§ **Source material**:
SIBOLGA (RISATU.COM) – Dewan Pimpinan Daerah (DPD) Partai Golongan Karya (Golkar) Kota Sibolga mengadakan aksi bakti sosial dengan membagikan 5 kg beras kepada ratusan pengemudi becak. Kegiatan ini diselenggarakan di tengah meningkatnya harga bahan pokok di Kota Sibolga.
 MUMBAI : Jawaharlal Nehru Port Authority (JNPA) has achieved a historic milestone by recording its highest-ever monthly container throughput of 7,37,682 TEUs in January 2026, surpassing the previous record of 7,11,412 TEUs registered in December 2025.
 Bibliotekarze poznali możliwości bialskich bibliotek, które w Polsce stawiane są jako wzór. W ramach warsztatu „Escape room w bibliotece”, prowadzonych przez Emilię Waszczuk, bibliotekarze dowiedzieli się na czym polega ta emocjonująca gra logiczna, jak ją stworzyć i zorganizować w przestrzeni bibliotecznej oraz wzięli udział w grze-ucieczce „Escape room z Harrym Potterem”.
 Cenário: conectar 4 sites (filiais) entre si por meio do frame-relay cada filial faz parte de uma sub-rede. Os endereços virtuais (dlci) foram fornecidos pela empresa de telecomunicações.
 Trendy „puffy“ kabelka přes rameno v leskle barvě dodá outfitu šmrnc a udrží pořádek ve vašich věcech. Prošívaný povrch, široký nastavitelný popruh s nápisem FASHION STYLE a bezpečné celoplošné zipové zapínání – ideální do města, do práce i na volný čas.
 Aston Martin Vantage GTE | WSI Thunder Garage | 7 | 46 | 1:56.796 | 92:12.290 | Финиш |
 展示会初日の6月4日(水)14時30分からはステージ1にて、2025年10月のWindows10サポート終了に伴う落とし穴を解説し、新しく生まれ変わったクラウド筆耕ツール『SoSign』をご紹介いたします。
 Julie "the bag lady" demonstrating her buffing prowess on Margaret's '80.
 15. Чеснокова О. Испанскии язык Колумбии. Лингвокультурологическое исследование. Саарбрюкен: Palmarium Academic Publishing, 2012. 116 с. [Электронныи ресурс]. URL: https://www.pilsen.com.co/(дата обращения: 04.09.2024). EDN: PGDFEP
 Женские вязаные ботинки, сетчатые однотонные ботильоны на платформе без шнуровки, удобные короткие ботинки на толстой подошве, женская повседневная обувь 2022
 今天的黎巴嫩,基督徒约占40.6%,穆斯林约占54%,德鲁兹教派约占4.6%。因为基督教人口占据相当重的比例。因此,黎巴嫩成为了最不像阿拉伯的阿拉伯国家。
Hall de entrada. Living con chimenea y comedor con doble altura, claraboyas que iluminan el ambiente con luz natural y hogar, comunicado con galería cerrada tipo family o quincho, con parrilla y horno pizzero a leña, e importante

§ **Task statement**:
Make an exact copy of the data above.

§ **Result**:
SIBOLGA (RISATU.COM) – Dewan Pimpinan Daerah (DPD) Partai Golongan Karya (Golkar) Kota Sibolga mengadakan aksi bakti sosial dengan membagikan 5 kg beras kepada ratusan pengemudi becak. Kegiatan ini diselenggarakan di tengah meningkatnya harga bahan pokok di Kota Sibolga.
 MUMBAI : Jawaharlal Nehru Port Authority (JNPA) has achieved a historic milestone by recording its highest-ever monthly container throughput of 7,37,682 TEUs in January 2026, surpassing the previous record of 7,11,412 TEUs registered in December 2025.
 Bibliotekarze poznali możliwości bialskich bibliotek, które w Polsce stawiane są jako wzór. W ramach warsztatu „Escape room w bibliotece”, prowadzonych przez Emilię Waszczuk, bibliotekarze dowiedzieli się na czym polega ta emocjonująca gra logiczna, jak ją stworzyć i zorganizować w przestrzeni bibliotecznej oraz wzięli udział w grze-ucieczce „Escape room z Harrym Potterem”.
 Cenário: conectar 4 sites (filiais) entre si por meio do frame-relay cada filial faz parte de uma sub-rede. Os endereços virtuais (dlci) foram fornecidos pela empresa de telecomunicações.
 Trendy „puffy“ kabelka přes rameno v leskle barvě dodá outfitu šmrnc a udrží pořádek ve vašich věcech. Prošívaný povrch, široký nastavitelný popruh s nápisem FASHION STYLE a bezpečné celoplošné zipové zapínání – ideální do města, do práce i na volný čas.
 Aston Martin Vantage GTE | WSI Thunder Garage | 7 | 46 | 1:56.796 | 92:12.290 | Финиш |
 展示会初日の6月4日(水)14時30分からはステージ1にて、2025年10月のWindows10サポート終了に伴う落とし穴を解説し、新しく生まれ変わったクラウド筆耕ツール『SoSign』をご紹介いたします。
 Julie "the bag lady" demonstrating her buffing prowess on Margaret's '80.
 15. Чеснокова О. Испанскии язык Колумбии. Лингвокультурологическое исследование. Саарбрюкен: Palmarium Academic Publishing, 2012. 116 с. [Электронныи ресурс]. URL: https://www.pilsen.com.co/(дата обращения: 04.09.2024). EDN: PGDFEP
 Женские вязаные ботинки, сетчатые однотонные ботильоны на платформе без шнуровки, удобные короткие ботинки на толстой подошве, женская повседневная обувь 2022
 今天的黎巴嫩,基督徒约占40.6%,穆斯林约占54%,德鲁兹教派约占4.6%。因为基督教人口占据相当重的比例。因此,黎巴嫩成为了最不像阿拉伯的阿拉伯国家。
Hall de entrada. Living con chimenea y comedor con doble altura, claraboyas que iluminan el ambiente con luz natural y hogar, comunicado con galería cerrada tipo family o quincho, con parrilla y horno pizzero a leña, e importante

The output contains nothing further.